1. The initial state: ${\displaystyle s_{0}}$.
2. A set of possible states the environment or agent can be in: ${\displaystyle S={s_{0},s_{1},...,s_{m}}}$.
3. A of possible actions an agent can execute: ${\displaystyle A={a_{0},a_{1},...,a_{n}}}$.
4. A transition model which returns the next likely state under a specific action: ${\displaystyle T(s,a,s')}$.
5. A reward function which describes the benefit gained from reaching a certain state : ${\displaystyle R(s)}$.

#### State-Value Function

Actions are selected on the basis of a policy ${\displaystyle \pi (s)}$, which maximizes the reward for the agent for a given state.

The state-value function ${\displaystyle V_{\pi }(s)}$ describes the total expected reward for the current state under a specific policy. The function makes use of the Bellman Equation, which introduces the discount factor ${\displaystyle \gamma \in [0,1]}$. ${\displaystyle \gamma }$ denotes the preference of the agent to prioritize future rewards over immediate reward, a form of delayed gratification.

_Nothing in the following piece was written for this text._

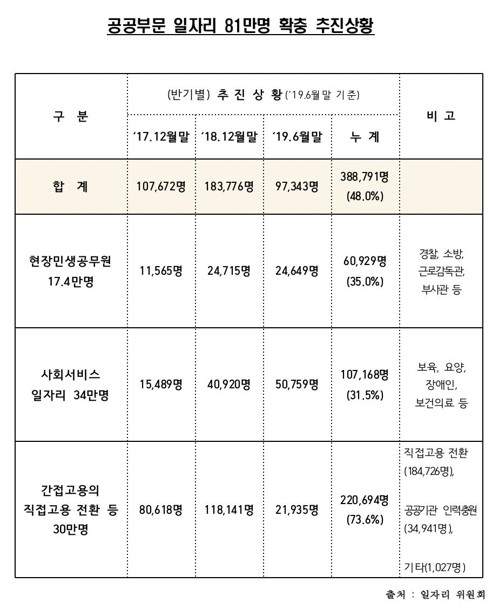 文정부 '공공부문 81만개 일자리 창출' 공약 달성률 48%

The overall value function can be denoted as:

${\displaystyle V_{\pi }(s)=\textstyle E[\sum _{t=0}^{\infty }\gamma ^{t}r_{t}|s_{0}=s],}$

which estimates the total reward until a terminal or cut-off state is reached. This function provides the ability to find an optimal policy, which maximizes the overall reward.

#### Monte Carlo Methods

In order to adapt to large and unknown environments, agents often use Monte Carlo methods, in particular Monte Carlo Tree Search (MCTS). MCTS is a sampling technique which uses randomness to generate a policy as well as to estimate the expected utility for each state. An agent plays "episodes", which are sequences from the starting to terminal state, and ideally converges to an optimal model after enough exploration.

MCTS is used in model-free scenarios, in which the transition model and state-value function ${\displaystyle V_{\pi }(s)}$ for a given state have to be estimated. This incomplete model is referred to as Monte Carlo prediction or passive reinforcement learning. If the general policy ${\displaystyle \pi (s)}$ also has to be learned, it is referred to as Monte Carlo control, or active reinforcement learning. Active reinforcement learning continuously reevaluates the effectiveness of the policy, which is performed by iterating over the Q-function of each state:

${\displaystyle Q_{\pi }(s,a)={R_{t}|s_{t}=s,a_{t}=a},}$

The Q-function defines the utility of a state-action pair, which then allows the construction of a policy based on the highest ${\displaystyle Q}$ returns.

##### Temporal Difference Learning

To update policies and values in Monte Carlo, it is necessary to wait until the completion of a full episode. This is expensive and impractical as some episodes may take a long time or never terminate. Temporal Differencing (TD) draws from classical conditioning to develop an anticipatory reward model. The agent updates the utility function of each state after is has experienced the subsequent state. Utility is estimated based on the expected return from the next action. ${\displaystyle TD(0)}$ only considers the state at ${\displaystyle t_{+1}}$ whereas ${\displaystyle TD(\lambda )}$ also factors in older states in its reward function.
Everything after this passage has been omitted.